## What is needed
The reply is to contain the full listing, repeated exactly, with pictures left out.
━━━ Source data
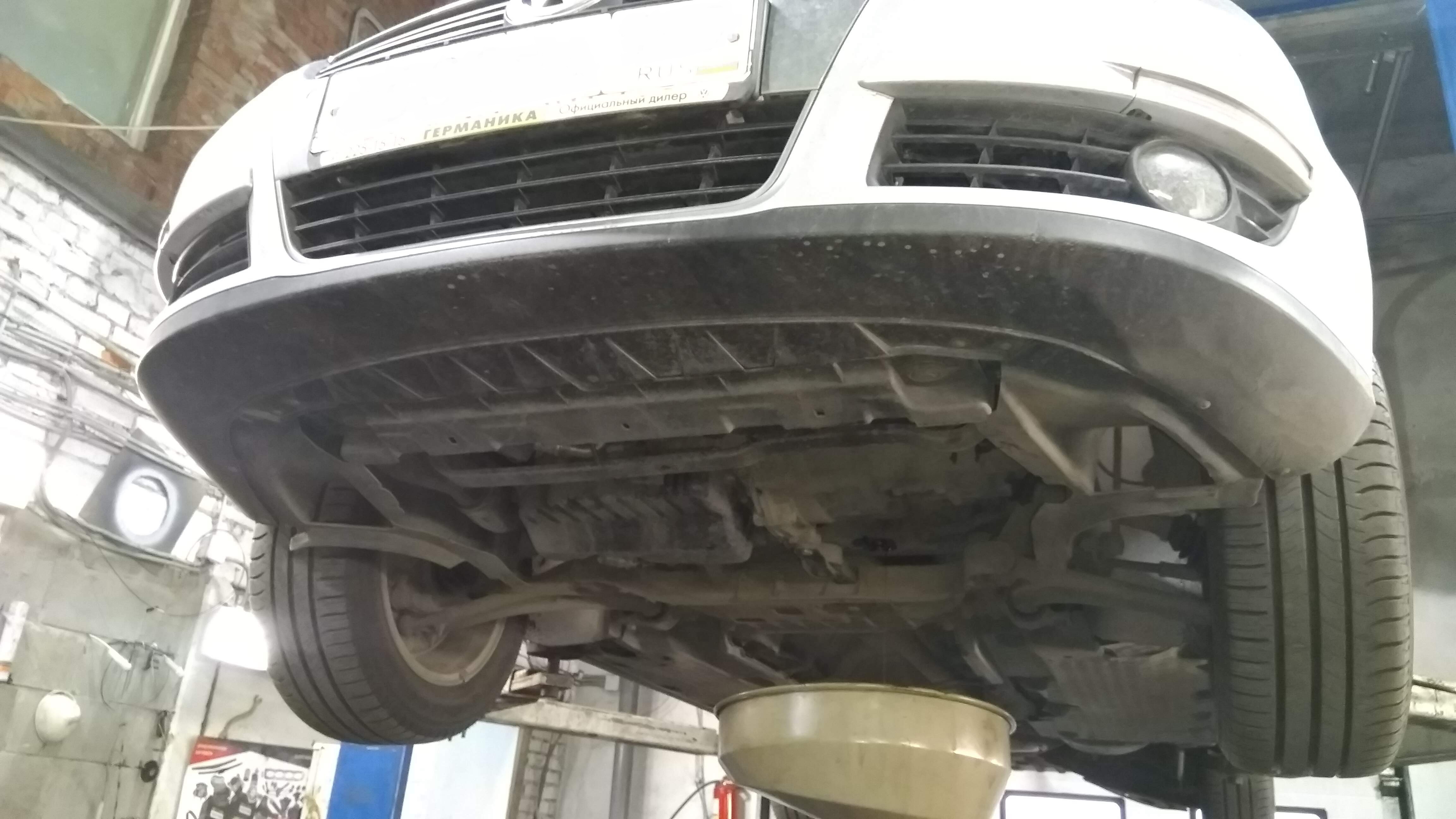 Думаю, что в первую очередь надо из под капота (сверху) посмотреть есть течи в районе двигателя/коробка. Может течет где то сверху, и стекает вниз.
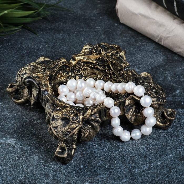 Подставка для мелочей "На четырех слонах" золото, 13х13х5см
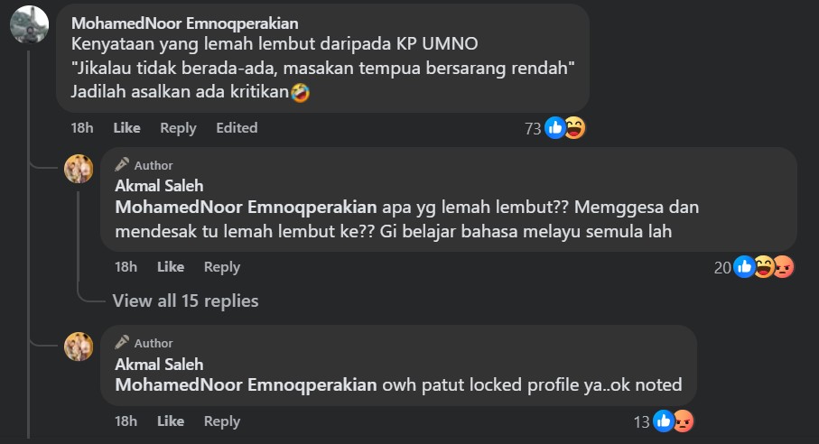 The Russian-trained medical doctor was also seemingly agitated as he threatened “to lock the profile” of one commenter who described his reaction as “too gentle coming from the UMNO Youth chief” and that the remarks was made “so long as there is some form of criticism”.
━━━━━━
## Your solution
 Думаю, что в первую очередь надо из под капота (сверху) посмотреть есть течи в районе двигателя/коробка. Может течет где то сверху, и стекает вниз.
 Подставка для мелочей "На четырех слонах" золото, 13х13х5см
 The Russian-trained medical doctor was also seemingly agitated as he threatened “to lock the profile” of one commenter who described his reaction as “too gentle coming from the UMNO Youth chief” and that the remarks was made “so long as there is some form of criticism”.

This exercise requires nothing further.